§ **REQUIREMENT**:
Reproduce everything from the line that contains "途中、海苔や漬け物、奴を挟みながら食べて" down to the line that contains "November 24, 2013" in the listing below, word for word and nothing more. Leave the pictures out.

§ **DATA SECTION**:

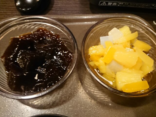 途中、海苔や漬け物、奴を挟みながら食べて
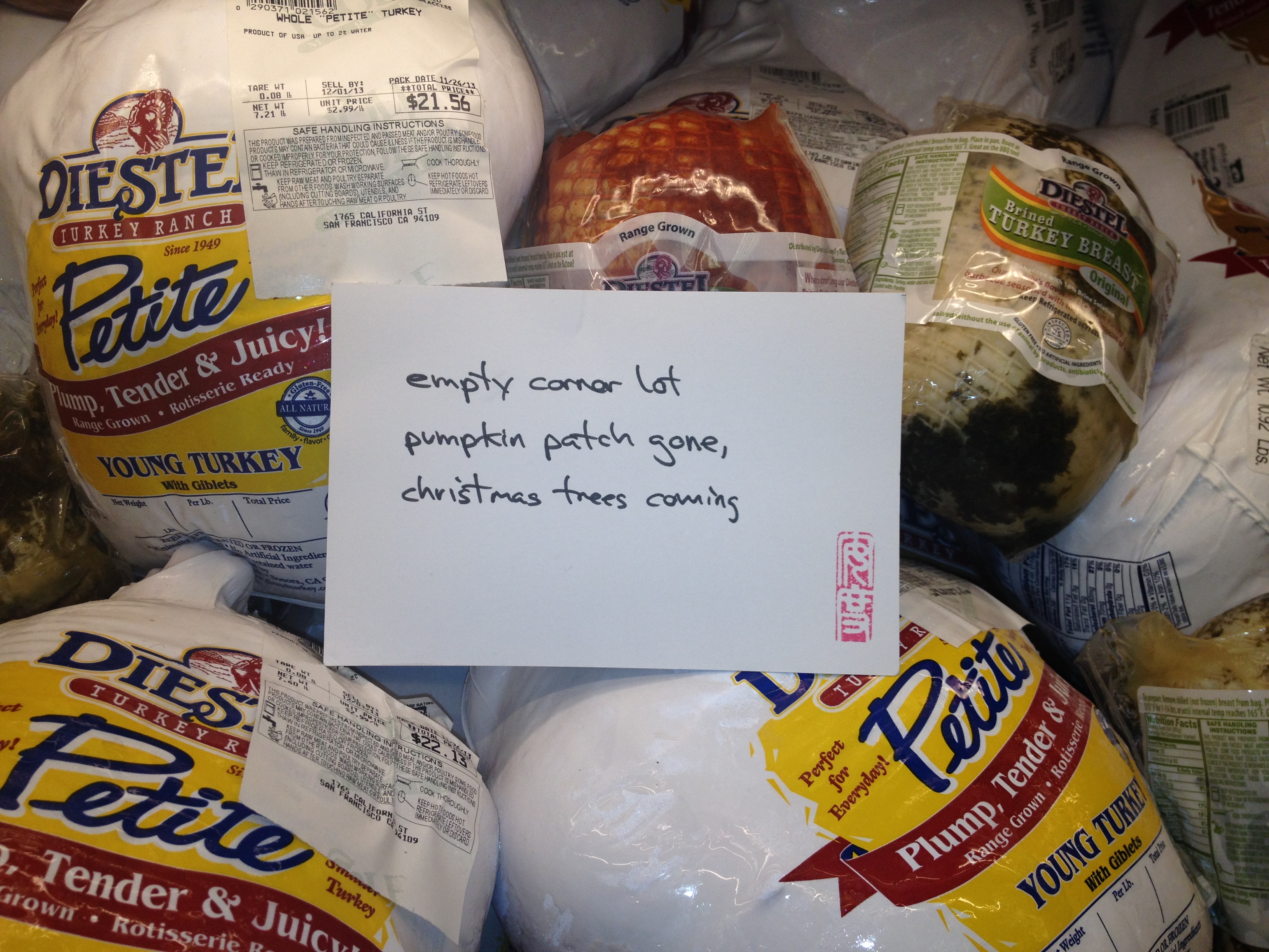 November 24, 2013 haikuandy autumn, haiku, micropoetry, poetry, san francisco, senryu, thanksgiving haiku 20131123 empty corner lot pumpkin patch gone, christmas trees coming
...
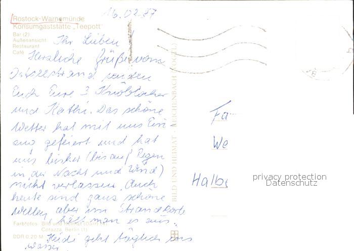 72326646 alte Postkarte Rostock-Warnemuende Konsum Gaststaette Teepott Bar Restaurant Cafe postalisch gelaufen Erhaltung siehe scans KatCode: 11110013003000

§ **WRITTEN ANSWER**:
 途中、海苔や漬け物、奴を挟みながら食べて
 November 24, 2013 haikuandy autumn, haiku, micropoetry, poetry, san francisco, senryu, thanksgiving haiku 20131123 empty corner lot pumpkin patch gone, christmas trees coming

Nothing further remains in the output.